Can you offer any tips or advice for listeners who want to be a part of the solution but don’t know where to start?

00:11:24 Liza

For me, it’s awareness, awareness, awareness. Advocacy and normalizing this discussion in the broad light of day is our very first step, and I can offer three tangible tips that I personally take on.

One, listen to your intuition, seek help, advocate for yourself. Get this thing that bothered you a bit checked. And, you know, you always know best.

Second, create space in your communities to talk about those health challenges. I’m amazed how little we share and how magical the unlocks become when we are open and can encourage each other to take good care of ourselves, and even just share information on, like, symptoms and different approaches.
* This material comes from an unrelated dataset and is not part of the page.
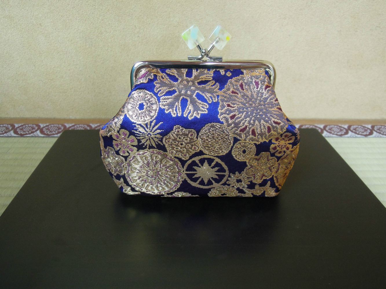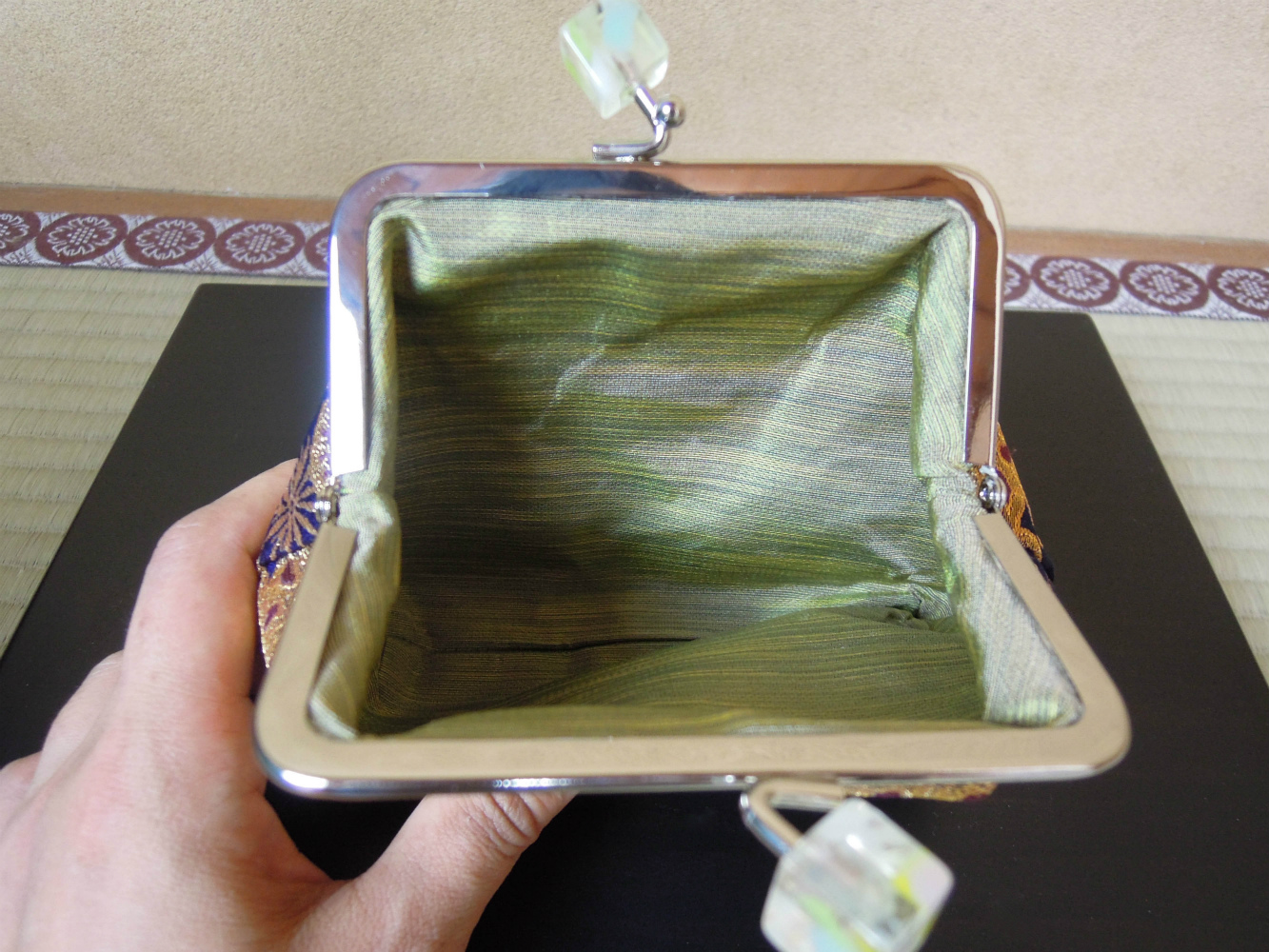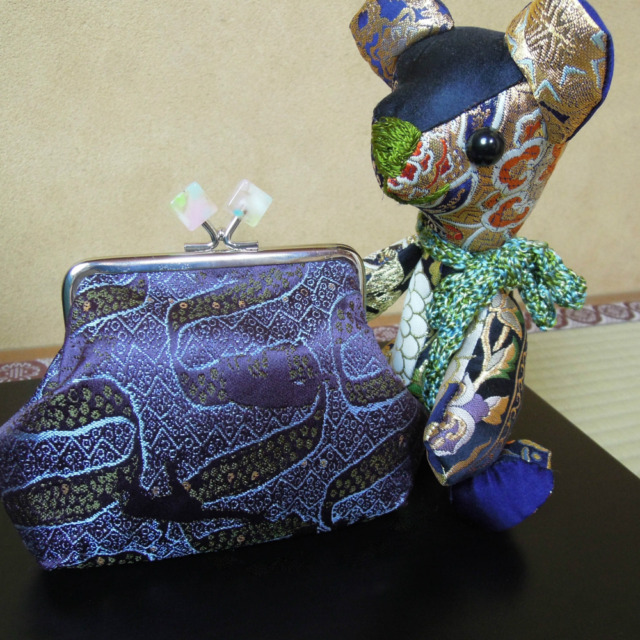 岡本織物です。西陣織の金襴織屋をしております。弊社の絹織物でがま口財布を御仕立ていたしました。

And finally, we’re all parts of influential organizations, whether we’re employed in it or we’re clients of, and lean in together with them—with, for example, your employers to advocate for women needs. It could be adding a nursing room or additional breaks. It could be a broader access to resources that support women health and well-being.

But, really, we start with a kind of micro change, and the more I reflect on it, the more each of us and each of the companies and organizations have a big role to play.

And if I just step back and kind of take my pulse. After we published the report and I had many of those conversations, I find myself simultaneously outraged and encouraged. And I truly believe we have a once in a generation opportunity to bring justice and equity to women’s health and just imagine all the incredible, wonderful things that women will do with all the years that they can be now healthy.

00:13:16 Andrea

Alright, now what? Check out McKinsey Health Institute’s report, “Closing the women’s health gap: A $1 trillion opportunity to improve lives and economies” on mckinsey.com.

Again, this is our last episode of Alright, Now What? for a few months. We’re taking a summer break and will start again in the fall with more great topics and guests. Thank you so much for your listenership and support.